[TASK TO COMPLETE]
Omit the images. Reproduce each line of the records exactly as it appears.

[EXTRACTED MATERIAL]
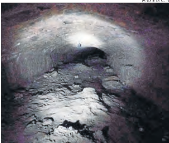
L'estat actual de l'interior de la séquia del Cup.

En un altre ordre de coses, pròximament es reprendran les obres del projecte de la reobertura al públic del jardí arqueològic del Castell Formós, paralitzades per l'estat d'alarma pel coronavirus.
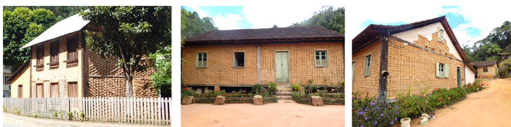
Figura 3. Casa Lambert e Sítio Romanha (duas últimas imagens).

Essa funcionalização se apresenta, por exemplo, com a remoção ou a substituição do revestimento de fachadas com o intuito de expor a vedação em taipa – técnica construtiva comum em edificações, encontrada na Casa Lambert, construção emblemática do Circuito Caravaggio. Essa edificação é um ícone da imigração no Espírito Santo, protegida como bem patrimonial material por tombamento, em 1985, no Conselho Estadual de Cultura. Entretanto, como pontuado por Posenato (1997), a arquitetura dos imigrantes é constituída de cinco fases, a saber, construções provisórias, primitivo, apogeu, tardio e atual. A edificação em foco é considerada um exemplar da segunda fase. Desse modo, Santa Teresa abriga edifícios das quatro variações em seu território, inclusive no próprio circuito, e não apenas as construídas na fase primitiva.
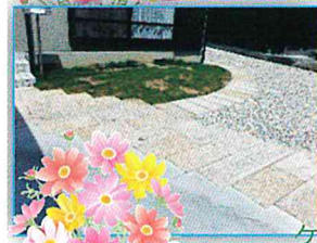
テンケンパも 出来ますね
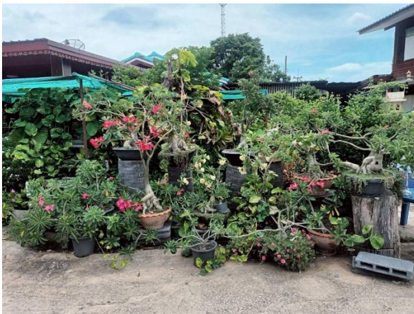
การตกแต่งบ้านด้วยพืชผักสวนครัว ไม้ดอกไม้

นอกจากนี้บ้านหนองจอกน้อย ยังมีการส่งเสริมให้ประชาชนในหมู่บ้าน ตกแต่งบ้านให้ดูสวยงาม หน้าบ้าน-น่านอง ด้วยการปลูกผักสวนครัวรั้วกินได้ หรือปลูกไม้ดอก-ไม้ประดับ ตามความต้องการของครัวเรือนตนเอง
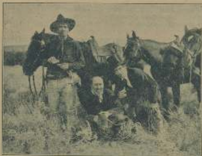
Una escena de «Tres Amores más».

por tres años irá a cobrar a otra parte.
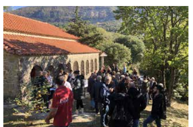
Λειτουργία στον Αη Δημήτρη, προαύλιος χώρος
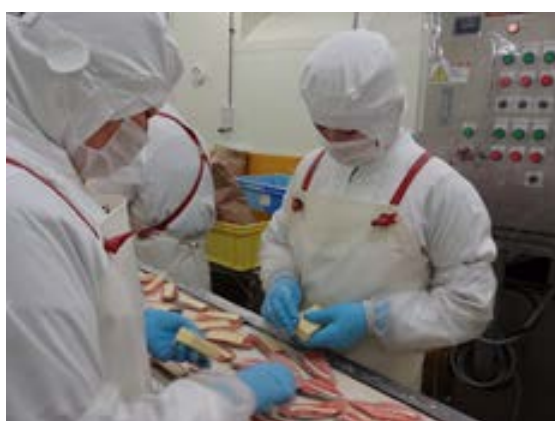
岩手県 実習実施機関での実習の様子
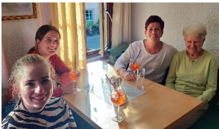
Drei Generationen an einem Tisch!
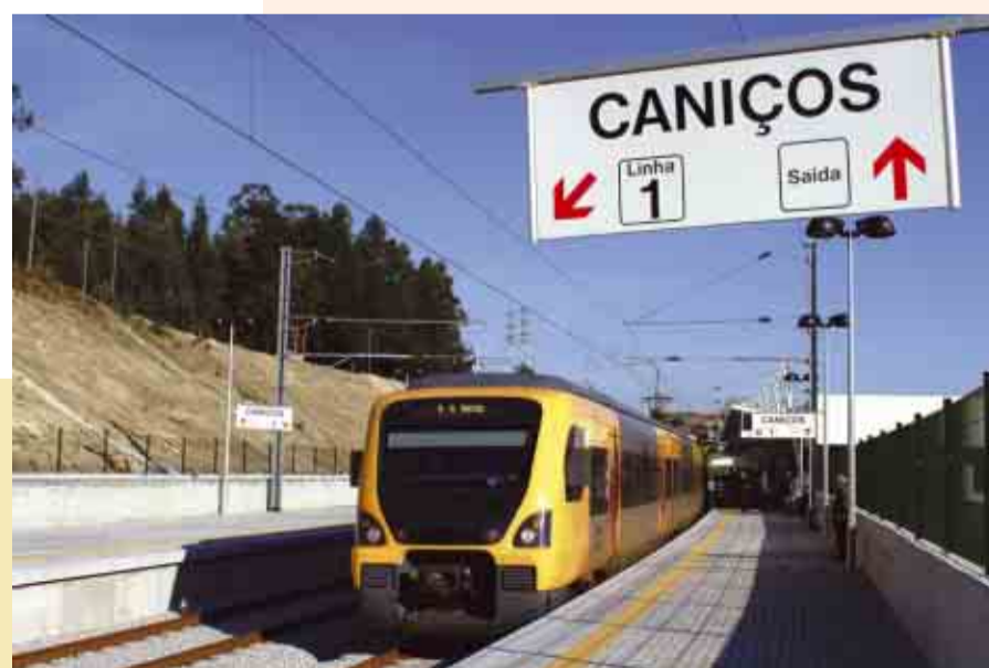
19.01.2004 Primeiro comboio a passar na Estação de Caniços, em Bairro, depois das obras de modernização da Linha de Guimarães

[COMPLETED EXERCISE]
L'estat actual de l'interior de la séquia del Cup.

En un altre ordre de coses, pròximament es reprendran les obres del projecte de la reobertura al públic del jardí arqueològic del Castell Formós, paralitzades per l'estat d'alarma pel coronavirus.
Figura 3. Casa Lambert e Sítio Romanha (duas últimas imagens).

Essa funcionalização se apresenta, por exemplo, com a remoção ou a substituição do revestimento de fachadas com o intuito de expor a vedação em taipa – técnica construtiva comum em edificações, encontrada na Casa Lambert, construção emblemática do Circuito Caravaggio. Essa edificação é um ícone da imigração no Espírito Santo, protegida como bem patrimonial material por tombamento, em 1985, no Conselho Estadual de Cultura. Entretanto, como pontuado por Posenato (1997), a arquitetura dos imigrantes é constituída de cinco fases, a saber, construções provisórias, primitivo, apogeu, tardio e atual. A edificação em foco é considerada um exemplar da segunda fase. Desse modo, Santa Teresa abriga edifícios das quatro variações em seu território, inclusive no próprio circuito, e não apenas as construídas na fase primitiva.
テンケンパも 出来ますね
การตกแต่งบ้านด้วยพืชผักสวนครัว ไม้ดอกไม้

นอกจากนี้บ้านหนองจอกน้อย ยังมีการส่งเสริมให้ประชาชนในหมู่บ้าน ตกแต่งบ้านให้ดูสวยงาม หน้าบ้าน-น่านอง ด้วยการปลูกผักสวนครัวรั้วกินได้ หรือปลูกไม้ดอก-ไม้ประดับ ตามความต้องการของครัวเรือนตนเอง
Una escena de «Tres Amores más».

por tres años irá a cobrar a otra parte.
Λειτουργία στον Αη Δημήτρη, προαύλιος χώρος
岩手県 実習実施機関での実習の様子
Drei Generationen an einem Tisch!
19.01.2004 Primeiro comboio a passar na Estação de Caniços, em Bairro, depois das obras de modernização da Linha de Guimarães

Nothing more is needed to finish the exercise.